Influence of tetramethylammonium hydroxide on niobium nitride thin films Free

The ability to pattern superconducting films at the nanoscale via electron beam lithography (EBL) has enabled numerous technologies that take advantage of unique phenomena occurring at these critical dimensions. For instance, superconducting nanowire single photon detectors (SNSPDs) rely on the formation of a resistive hotspot across a nanowire width of ∼100 nm to signal a detection event.¹ More recently, the patterning of dimensions <10 nm has facilitated the development of a device that harnesses the current-crowding effect² in superconductors to nondestructively read out a memory state.³ These lithographic advancements have thus pushed the applications of thin-film superconducting devices into the fields of detection, digital circuitry, and sensing.

Precise control of superconducting materials at nanoscale dimensions demands both a high-resolution EBL process and a superior electron beam resist. Hydrogen silsesquioxane (HSQ) is a negative tone electron beam resist often selected for these purposes due to its ∼5 nm resolution and minimal line edge roughness.^4,5 After patterning the HSQ, development is commonly done using solutions of the strong base tetramethylammonium hydroxide (TMAH); for instance, past processes have developed HSQ by submerging it in 25% TMAH for durations ranging from 1 to 4 min.^6–9 TMAH has also been used to pretreat films before spinning resist in order to activate the film surface and promote HSQ adhesion.^10,11

Despite the prevalence of TMAH in the fabrication process for superconducting devices, its potential negative effects on the superconducting film itself have not been fully investigated.
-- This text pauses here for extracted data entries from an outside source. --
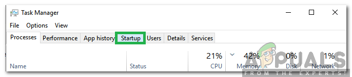 Opening Task Manager - Click on the “Startup” tab on the top.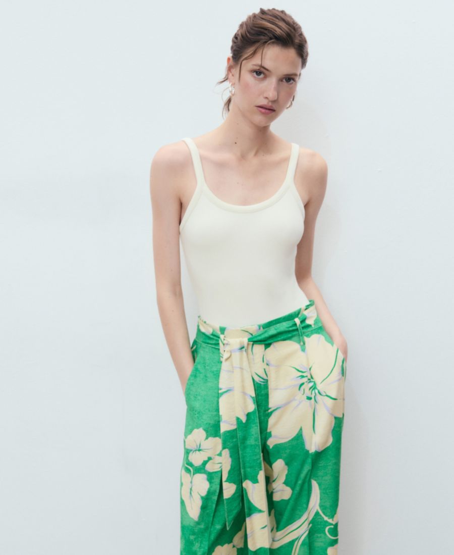 Узор в движении украшает брюки с ремнем от Mango. Эти брюки прямого и укороченного кроя украшены цветочным принтом, имеют эластичный пояс, съемный ремень, петли для ремня и внутреннюю подкладку.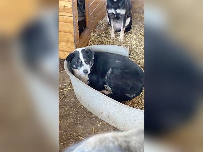 Uro ist souverän und freundlich mit allen Hunden! Bei Menschen ist er etwas schüchtern, kein Wunder, nach so vielen Jahren im Käfig!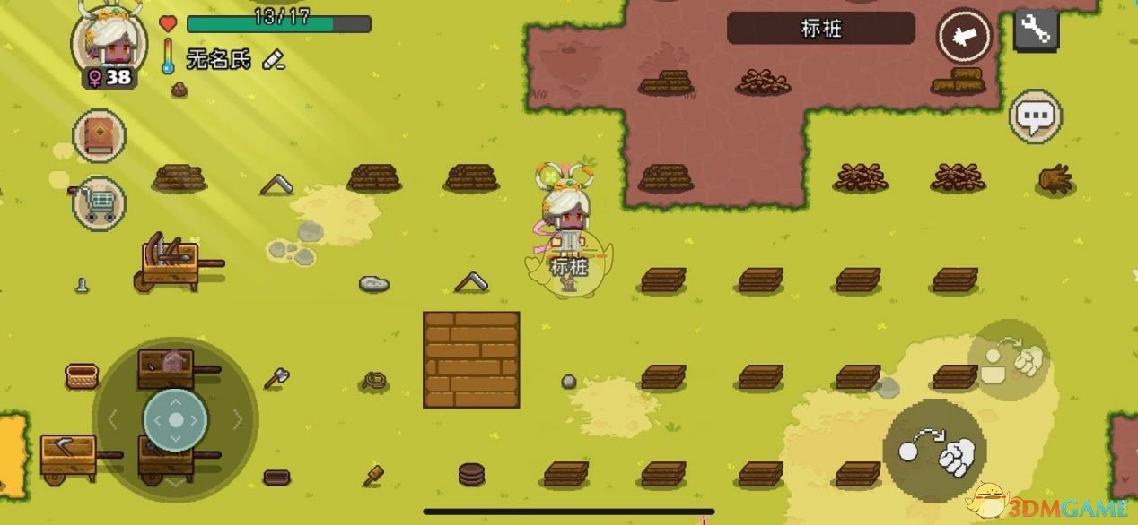 将标桩放在想要铺地板的地方,用圆石砸一下变成底板标桩。然后将木版铺在标桩上就做好了一层地板。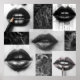 A striking black and white lips collage poster featuring expressive hand-drawn illustrations and abstract textures.

As a result, it is unknown whether TMAH damages films in a way that somehow limits superconducting device performance. Prior literature showed that pretreating niobium nitride (NbN) films with 25% TMAH for 4 min increased the sheet resistance R_s and decreased the critical temperature T_c, suggesting degradation and potential thinning of the superconducting material.¹⁰ However, no further studies have been made to verify or explain this observation. We were recently motivated to understand this phenomenon when we noticed that a thick NbN film (thickness d ∼20 nm) patterned with HSQ took nearly twice as long to etch in CF₄ as an unpatterned control film, causing the HSQ mask to be almost entirely removed before the etch was complete (see Fig. 1). As this left the underlying NbN vulnerable to damage by reactive ion etching (RIE), it became clear that improved knowledge of the lithography process was needed to guarantee successful pattern transfer and device fidelity, especially for thick films.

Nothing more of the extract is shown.